# Dataset records:
------------------------------------------------------------

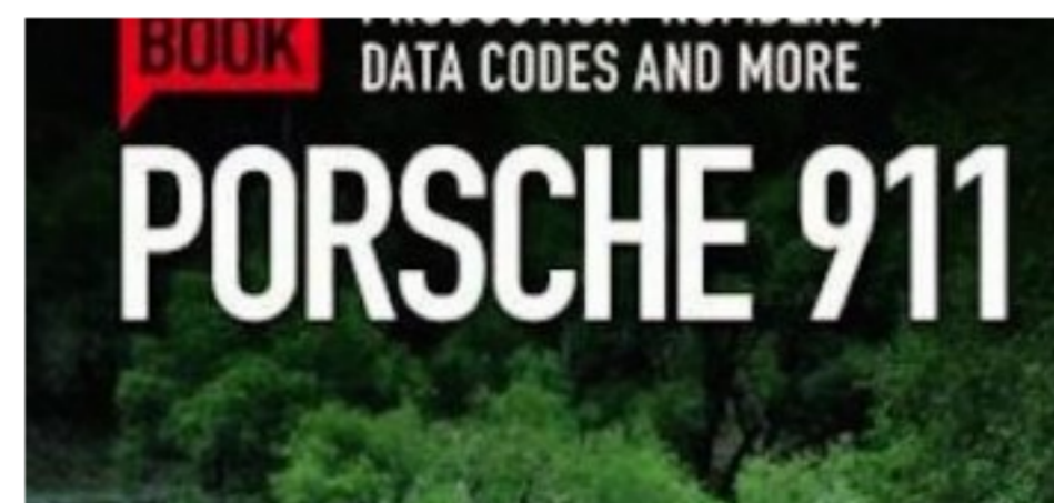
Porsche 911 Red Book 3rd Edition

------------------------------------------------------------

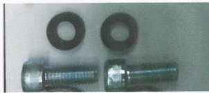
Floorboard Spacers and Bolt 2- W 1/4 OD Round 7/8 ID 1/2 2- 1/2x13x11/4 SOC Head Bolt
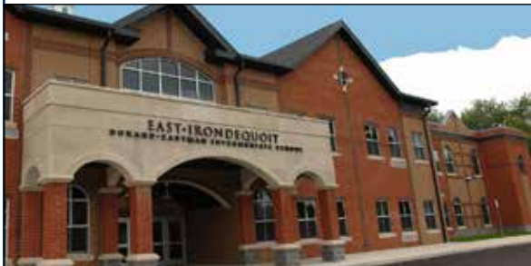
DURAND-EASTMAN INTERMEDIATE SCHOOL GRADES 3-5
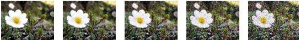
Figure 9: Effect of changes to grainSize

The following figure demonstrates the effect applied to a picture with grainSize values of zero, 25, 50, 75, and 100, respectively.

------------------------------------------------------------

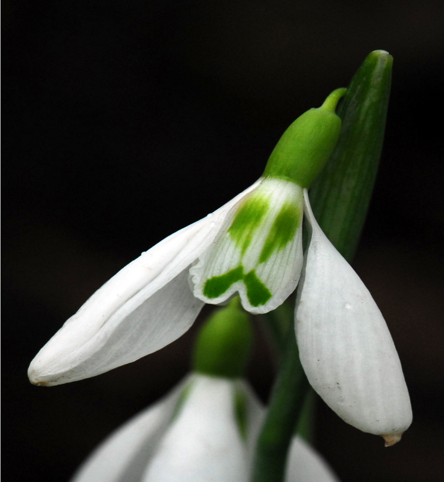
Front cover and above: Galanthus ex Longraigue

------------------------------------------------------------

# What is expected:
Go back to the listing above and write out the lines starting at the one with "DURAND-EASTMAN INTERMEDIATE SCHOOL GRADES 3-5" and ending at the one with "The following figure", inclusive, exactly and without pictures.

# Answer space:
DURAND-EASTMAN INTERMEDIATE SCHOOL GRADES 3-5
Figure 9: Effect of changes to grainSize

The following figure demonstrates the effect applied to a picture with grainSize values of zero, 25, 50, 75, and 100, respectively.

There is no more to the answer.